The yardstick stick by which we measure success in poker is who
makes the most money. Of course, most players have other goals,
and that's fine, but ultimately poker is about winning money from our opponents.
We're not in it to see who wins the most pots. If that were
the measure of a successful poker player, then the right strategy would
be to call down every hand. We're also not in it to with the largest
possible percentage of the pots we play. If that were the case, we'd
only play our strongest hands. We're also not keeping score by some
other more complex method, such as number of pots won minus the number of
pots lost. If that were the case, we'd play all hands that had a greater
than 50% chance of winning, and it would never be correct to slow pay.
If each of these non-goals represented our aims as poker players, we
would be led to very different playing strategies. If the strategy we
adopt does not align with our goals, we can't expect good results.
When we try to create poker playing software, its easy for us to
accidentally write our code in a way that doesn't coincide with our goals. As it
turns out, the object of maximizing net earn in the long run is quite
difficult to reflect in a set of rules. It means that sometimes we should
be willing to give up some profit now if we can win more later. In
some situations we might play a hand differently if we were beginning
a long session than we would if it were our last hand of the evening.
These factors are quite difficult to parameterize.
The authors also discuss the dangers of predictability. I get the
feeling from this exposition they're not all that well versed in game
theory. A game theoretic approach will create unpredictability through
optimal bluffing. Once one adopts this approach the predictability issues
mostly take care of themselves.
In the next subsection the authors discuss previous work in this area.
They mention the CPRG work at the University of Alberta and their Poki
program specifically. I think this includes a misconception about
Poki which they relate at the end of the first paragraph:
Unlike our system, much of the decision making in Poki is rule based,
and thus, the best choice will be made every time, making the player
predictable to some extent.
It is true that Poki is primarily heuristic, but a heuristic approach
can still contain random elements. Poki is capable of bluffing, and
of playing a similar situation in different ways, but more importantly,
it creates deception by playing different situations the same way.
Being unpredictable in poker does not require someone to play the
same hands differently at different times under similar circumstances.
There's more than one way to be unpredictable in poker, and I don't think
the authors understand this.
System Architecture
The algorithm the authors are developing is designed to play no-limit
Texas hold'em. They're also trying to design something that can play
against arbitrary numbers of opponents. There are good reasons that
other research teams have chosen to tackle the heads-up game exclusively,
including those teams, like the CPRG, that have a lot more real world
poker experience than the authors of this paper. I'm not sure
this team realizes just what they've bitten off.
Bet sizing is a key element of big bet poker.
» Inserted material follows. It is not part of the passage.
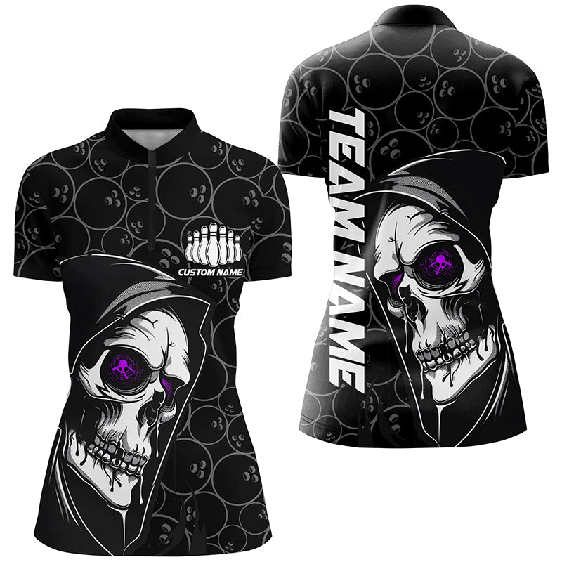 Custom Halloween Skull Bowling Shirts For Women, Bowling League Shirts | Purple IPHW7082

For this project, the
authors decided to allow their agents to select from three different
bet sizes, expressed as a fraction of the agent's stack. First, since
the authors omit any discussion of blinds or antes, it's awfully
difficult to evaluate these bet sizes. Second, anyone reading this
article who has also read the book I wrote with Russ Fox, Winning
Strategies for No-limit Hold'em, can anticipate my reaction to
the notion that the authors of this paper choose to correlate bet size
with hand strength. Russ and I firmly believe that bet size is dictated
by many factors, but that hand strength shouldn't be one of them. For
this to be the one and only criterion used in bet sizing seems entirely
inappropriate to me.
The authors discuss the three main factors they use in evaluating
each poker situation: hand value, risk, and opponent aggressiveness.
The notion of hand value seems pretty self-explanatory, but it's not
at all trivial, and the paper doesn't provide much in the way of
details. How are hand strengths evaluated? Is there a table lookup
or is it evaluated as the hand develops? How are hand strengths
weighted based on the board cards? We don't know the answers to
any of these questions, and they make a great deal of difference.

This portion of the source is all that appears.